_Instructions for the task_
Every line of the listing should be retyped exactly, but none of the pictures should be.

_Dataset section_
- - -

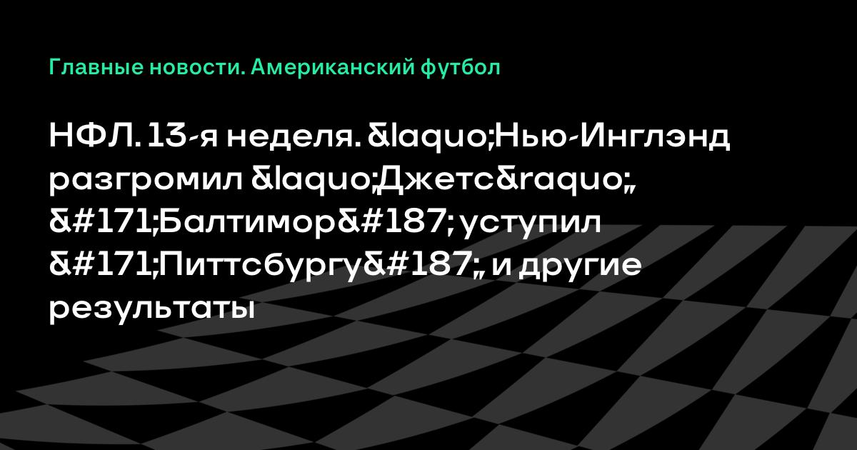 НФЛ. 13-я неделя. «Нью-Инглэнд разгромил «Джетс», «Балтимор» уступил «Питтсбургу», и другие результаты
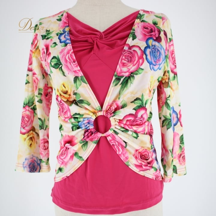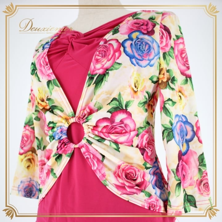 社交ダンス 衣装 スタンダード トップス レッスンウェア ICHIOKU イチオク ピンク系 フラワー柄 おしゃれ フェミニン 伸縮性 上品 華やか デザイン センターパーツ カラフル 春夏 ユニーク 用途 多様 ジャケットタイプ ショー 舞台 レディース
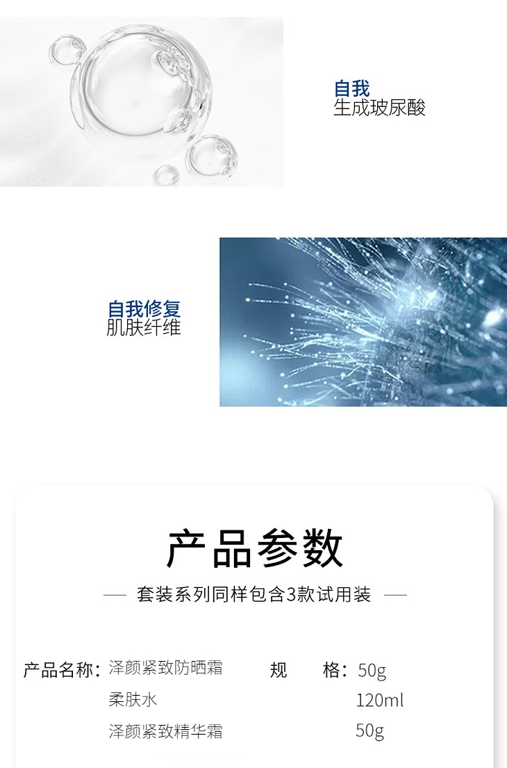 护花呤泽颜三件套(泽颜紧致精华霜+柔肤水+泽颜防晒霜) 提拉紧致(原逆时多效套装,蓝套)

- - -

_Solution to this task_
 НФЛ. 13-я неделя. «Нью-Инглэнд разгромил «Джетс», «Балтимор» уступил «Питтсбургу», и другие результаты
 社交ダンス 衣装 スタンダード トップス レッスンウェア ICHIOKU イチオク ピンク系 フラワー柄 おしゃれ フェミニン 伸縮性 上品 華やか デザイン センターパーツ カラフル 春夏 ユニーク 用途 多様 ジャケットタイプ ショー 舞台 レディース
 护花呤泽颜三件套(泽颜紧致精华霜+柔肤水+泽颜防晒霜) 提拉紧致(原逆时多效套装,蓝套)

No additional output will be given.